_Problem statement:_
Pictures are to be skipped. Retype exactly the lines from the top of the material through the one with "메모리를 나눈 크기보다", and only those.

_Data section:_
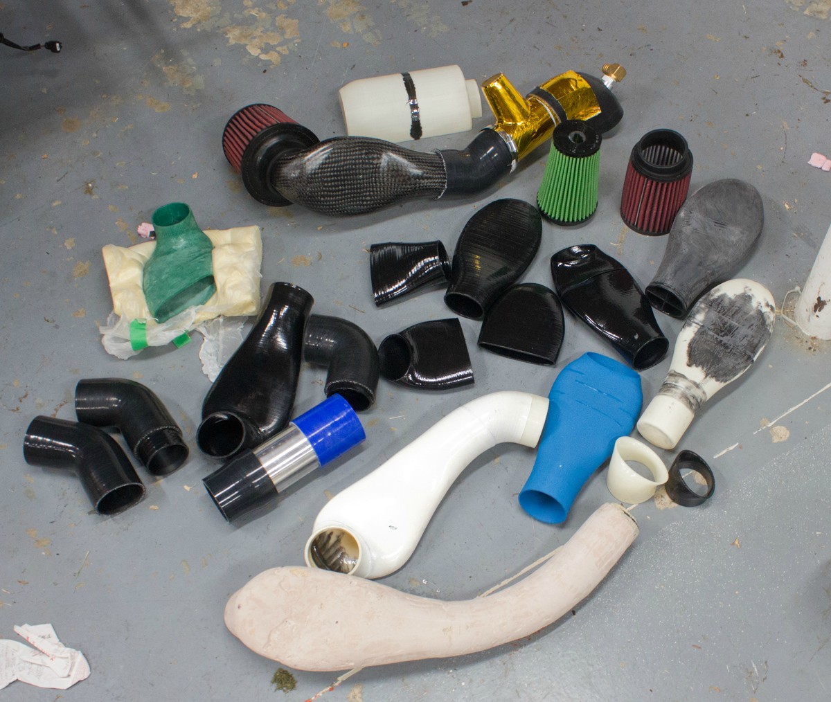 Also, I have been playing around with tubing wall thickness and elbow diameters. This stuff is all 2.5" except where it hooks up to the duct (which currently has about 3.5mm wall thickness):
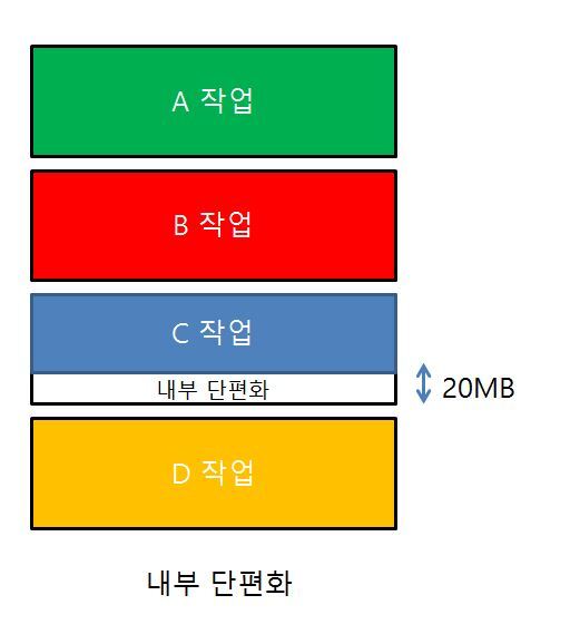 메모리를 나눈 크기보다 프로그램이 작아서 들어가지 못하는 공간이 많이 발생하는 현상
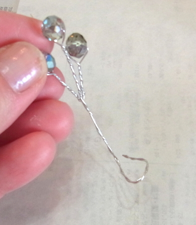 | ここに先にワイヤーを通しておきます。作っているうちに、見失ってしまうので。 | |

_Exercise result:_
 Also, I have been playing around with tubing wall thickness and elbow diameters. This stuff is all 2.5" except where it hooks up to the duct (which currently has about 3.5mm wall thickness):
 메모리를 나눈 크기보다 프로그램이 작아서 들어가지 못하는 공간이 많이 발생하는 현상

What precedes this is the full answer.